» **Task details**
The pictures stay out. Please retype every line below exactly.

» **Collected data**
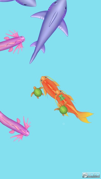 5、三只小海龟合成后就会变成小鲤鱼,依次类推,不断的去进行合成。
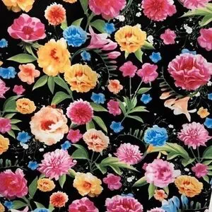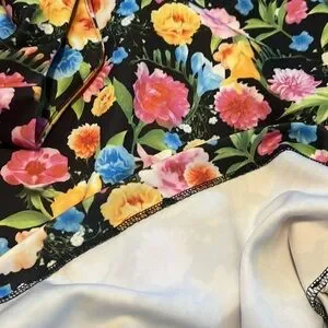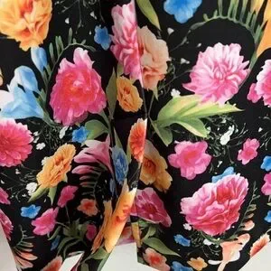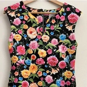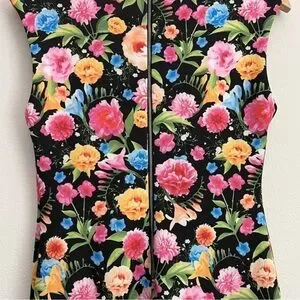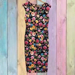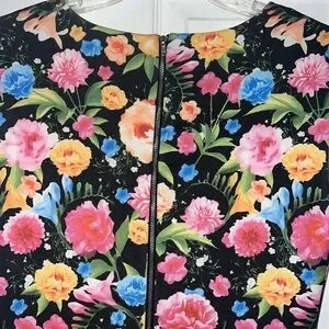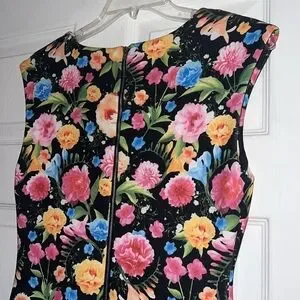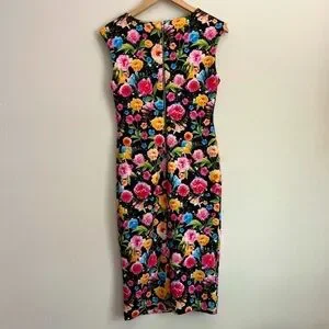 ~V fancy neckline~Sleeveless ~Back exposed zipper~Kick pleat~Stretch scuba material~Lined~Realistic floral print in pretty colors of pink, blue, orange, yellow & more~
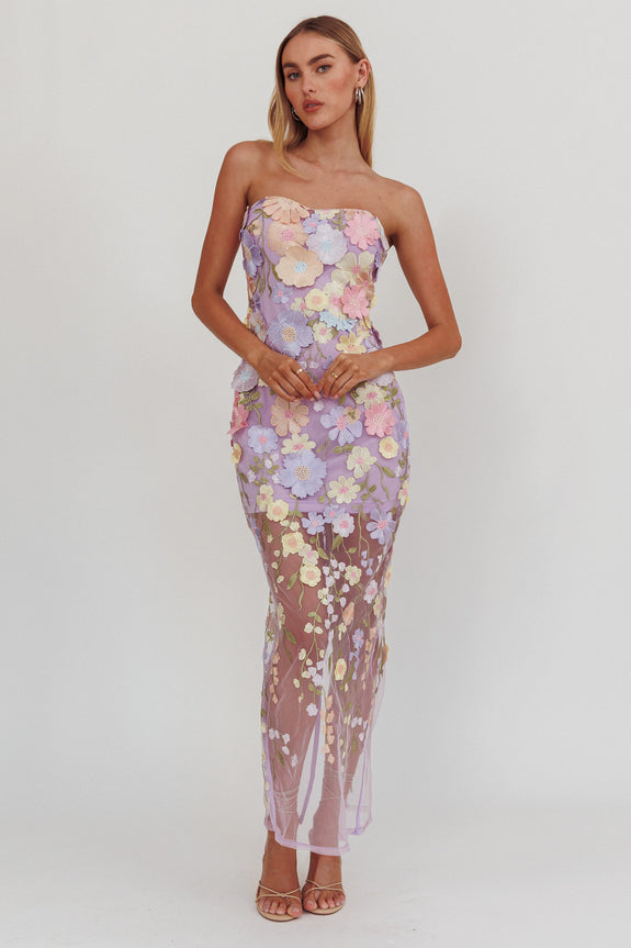 Euphoria Dream Embellished Mesh Maxi Dress Lilac
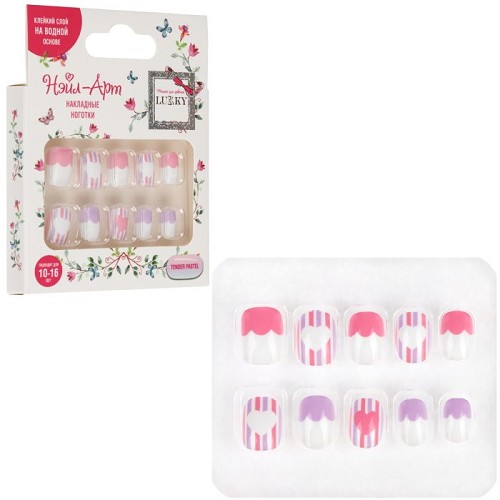 Lukky Нэйл-Арт наб. Tender Pastel 10 наклад.ногтей на клеевой основе,10-16 лет,к

» **Response area**
 5、三只小海龟合成后就会变成小鲤鱼,依次类推,不断的去进行合成。
 ~V fancy neckline~Sleeveless ~Back exposed zipper~Kick pleat~Stretch scuba material~Lined~Realistic floral print in pretty colors of pink, blue, orange, yellow & more~
 Euphoria Dream Embellished Mesh Maxi Dress Lilac
 Lukky Нэйл-Арт наб. Tender Pastel 10 наклад.ногтей на клеевой основе,10-16 лет,к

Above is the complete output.